Le vaporisateur, un bon outil de réduction des risques pour l’usage de cannabis ?

En Suisse, le cannabis riche en CBD et pauvre en THC (concentration inférieure à 1%) est légal et en vente libre. Pour pouvoir atteindre davantage de consommateurs, le marché s’est adapté et propose une palette de produits très diversifiés.

Les kiosques et les commerces en ligne suisses vendent principalement de la fleur de CBD, c’est à dire l’herbe directement dans un sachet. Normalement, cette herbe est consommée en la fumant seule ou avec du tabac, sous forme de joint.

D’ailleurs, il existe aussi des cigarettes avec du CBD, vendues déjà roulées avec du tabac et un filtre. Sous cette forme, la personne qui ne consommait pas de tabac ou qui ne savait pas rouler de cigarettes accède très facilement à la consommation de CBD. Par contre, au-delà de la substance souhaitée, la personne s’expose aussi aux risques liés à l’usage du tabac et aux risques liés à la fumée à haute température, aux substances nocives et pour certaines cancérigènes, dégagées lors de la combustion.

Dans une logique de réduction des risques, il faudrait encourager les usages de cannabis alternatifs à cette consommation par combustion et avec du tabac.
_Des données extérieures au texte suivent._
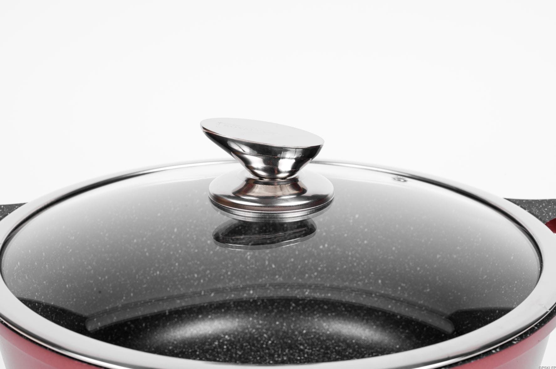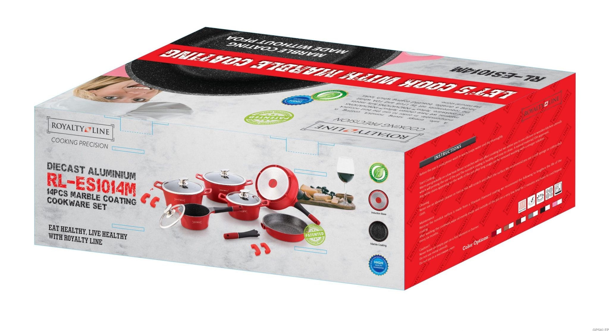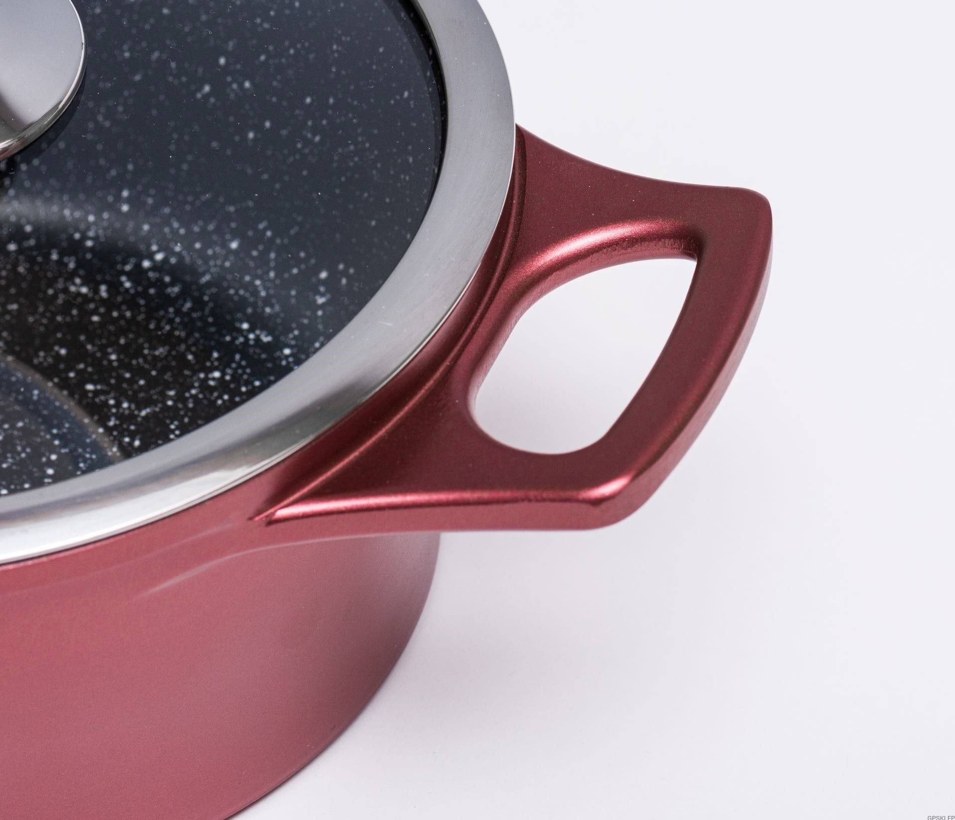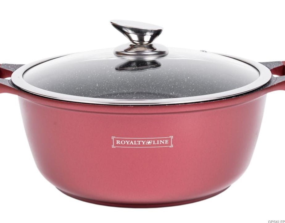 Zestaw garnków wysokiej jakości RL-ES1014M w kolorze burgund, to propozycja firmy Royalty Line - zestaw garnków z powłoką marmurową, oraz nieprzywierającą powłoką greblonową. Jest to jedna z najlepszej jakości powłok nieprzywierających, gdyż jest wytrzymała, a przede wszystkim nie zawiera żadnych szkodliwych substancji typu kadm czy PFOA. Odmiana greblonu 3+ oznacza również, że można swobodnie używać tych garnków i patelni bez tłuszczu, a potrawy nie przyklejają się do dna.
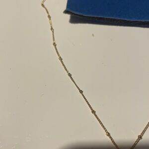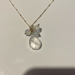 Elegant gold tone necklace and earrings set, perfect for adding a touch of delicate shimmer to your outfit. This set features a dainty necklace with a fine gold tone chain adorned with small, evenly spaced beads leading to a teardrop pendant made of iridescent clear faceted material. The pendant is further embellished with a cluster of small, round iridescent beads, adding to its ethereal charm. The set includes matching stud earrings, each featuring a single iridescent bead, completing the coordinated look. Ideal for a special evening out, a bridal event, or simply to elevate your everyday style.
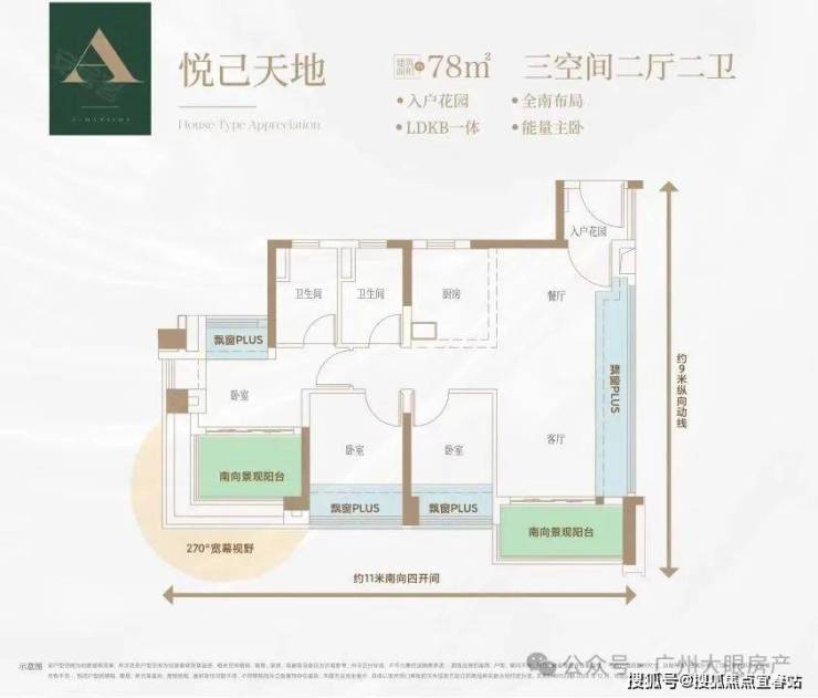约11米南向4开间面宽,100%的房间和客厅全朝南,让每位家庭成员畅享阳光和风景。
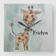 Reloj Cuadrado Jirafa Acuarela Dibujada a Mano Nombre

Dans le commerce, il est possible d’acquérir des huiles de CBD qui permettent d’être ingérées directement en forme de gouttes. Mais… existe-il d’autres alternatives ?

Cette article abordera la vaporisation de cannabis sous l’angle de la réduction des risques.

Le vaporisateur

Le vaporisateur est un appareil destiné à rendre inhalable, sans combustion, des substances sous forme de vapeur. La vaporisation porte à une température désirée, des plantes émiettées (d’autres substances peuvent être utilisées) pour en faire évaporer la substance active. La température doit être adaptée en fonction de la substance utilisée mais toujours inférieure à celle de la combustion de la cellulose (230°C) pour éviter le dégagement de substances nocives comme les goudrons, le monoxyde de carbone et d’autres agents chimiques nocifs connus.
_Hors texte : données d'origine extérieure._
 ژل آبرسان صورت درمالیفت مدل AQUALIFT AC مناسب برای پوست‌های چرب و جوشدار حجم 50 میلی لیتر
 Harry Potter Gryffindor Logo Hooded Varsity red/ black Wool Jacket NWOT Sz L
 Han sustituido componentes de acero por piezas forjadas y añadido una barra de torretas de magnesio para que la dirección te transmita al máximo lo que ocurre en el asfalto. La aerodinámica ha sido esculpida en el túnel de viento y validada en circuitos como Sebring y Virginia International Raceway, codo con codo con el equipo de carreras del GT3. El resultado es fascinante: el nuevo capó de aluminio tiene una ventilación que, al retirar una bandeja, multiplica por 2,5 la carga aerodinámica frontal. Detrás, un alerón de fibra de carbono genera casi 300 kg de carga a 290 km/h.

Ces appareils peuvent se présenter sous diverses déclinaisons. Tout d’abord, il est possible de différencier les vaporisateurs de salon, branchés sur le secteur, des vaporisateurs portables. Les premiers nécessitent d’avoir un accès à une prise de courant et sont donc sédentaires, alors que les seconds disposent d’une batterie. Ils peuvent avoir recours à différentes sources de chaleur pour atteindre la vaporisation : conduction thermique, rayonnement, convection avec ou sans soufflerie.
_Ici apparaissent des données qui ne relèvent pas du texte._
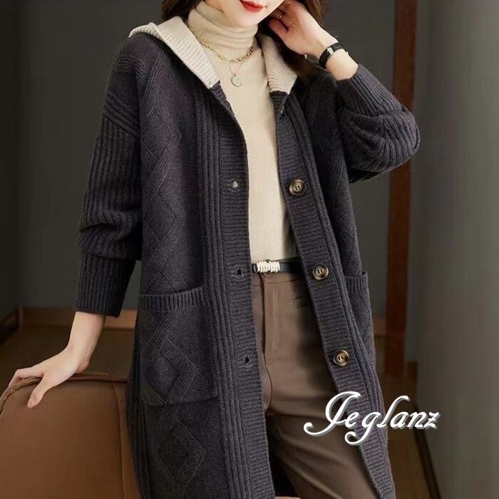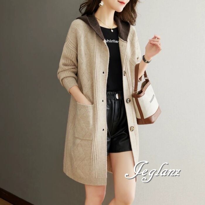 4色 バイカラー ニット コート 羽織り フード付き カジュアル派(MA796)τ
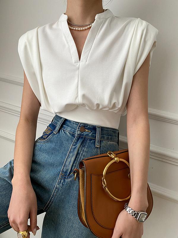 Loose Sleeveless Pleated Shoulder Pad Solid Color V-Neck T-Shirts Tops
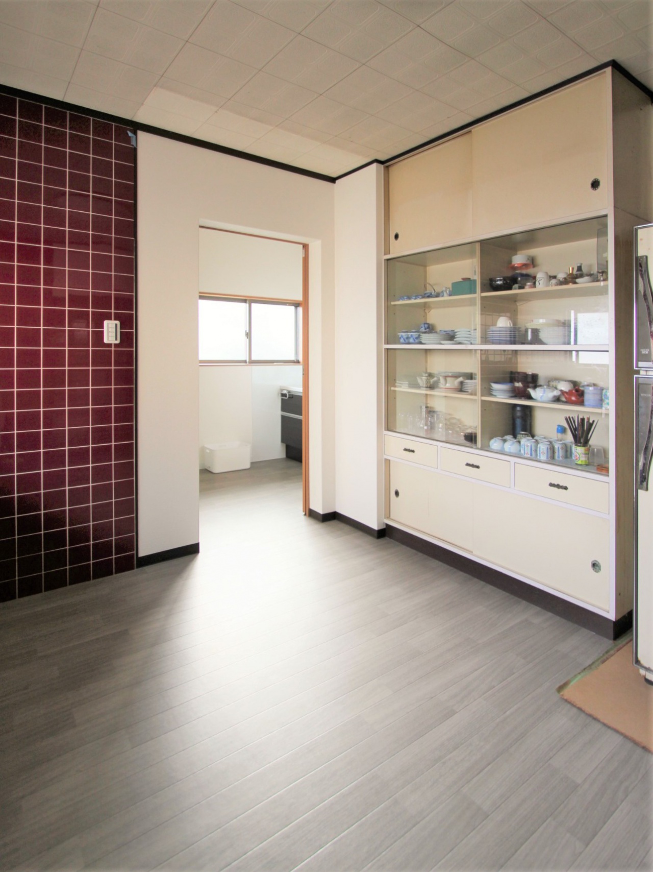 出入口付近の収納を撤去し、床(クッションフロア)を張り替えました。
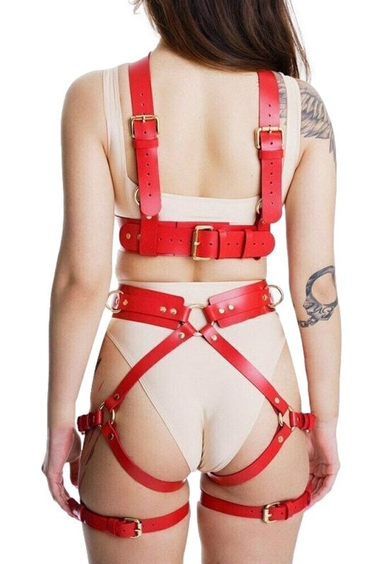 Les menottes, ajustables de 18 à 28 cm, ajoutent une touche de sophistication à vos jeux, tout en garantissant une sécurité maximale. Fabriqué en simili cuir rouge, ce harnais allie style et sensualité, vous invitant à plonger dans un univers de plaisir raffiné.
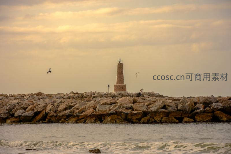 金色的夕阳洒满海面,古老的石质灯塔静静伫立在由巨石堆砌的防波堤尽头,几只飞鸟掠过天际,波浪轻拍岸边,充满诗意的黄昏景象。
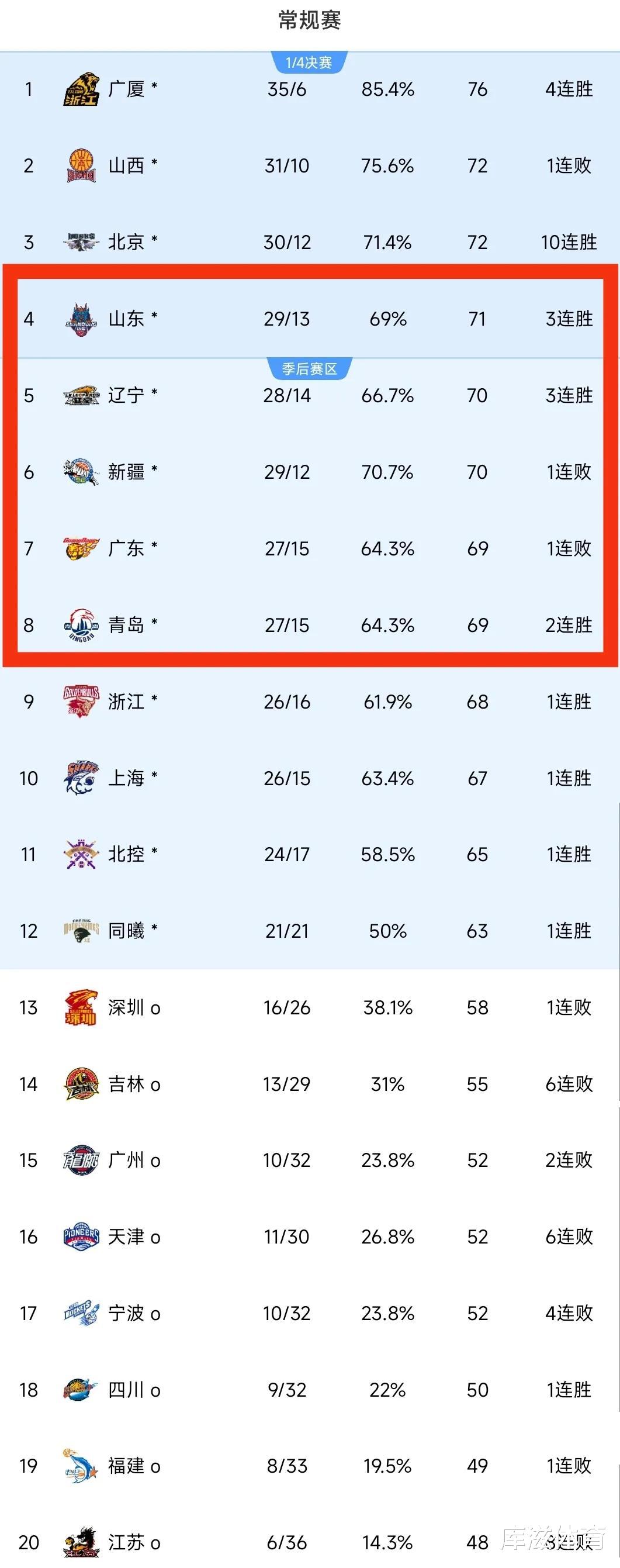下面就看看CBA球队最新积分排名,北京位居第三,辽宁第五,第4的山东到第8的青岛相差两分。

Le type de source de chaleur, et plus globalement, les matériaux utilisés pour la fabrication du vaporisateur ont une incidence directe sur le coût de l’appareil mais aussi sur la qualité de la vaporisation et de la sécurité de l’utilisateur. Les systèmes les moins onéreux peuvent, sans présenter de déficience, fournir une température fluctuante et trop s’approcher de la température de combustion ce qui peut conduire au dégagement de particules nocives.

La méthode d’inhalation varie aussi en fonction de la source de chaleur. La conduction thermique met en contact les plantes avec le corps de chauffe, la vapeur dégagée est ensuite aspirée à l’aide d’un tube. Un système à rayonnement utilise une ampoule halogène comme source de chaleur ; le procédé d’aspiration reste toutefois le même. La convection sans soufflerie fait passer l’air chaud aspiré par l’utilisateur à travers les plantes broyées. Enfin, dans la convection avec soufflerie, l’appareil va de lui-même faire passer l’air chaud à travers les plantes, il gonfle un sac de qualité alimentaire, résistant à la chaleur. L’utilisateur aspire le contenu du sac, dans un second temps.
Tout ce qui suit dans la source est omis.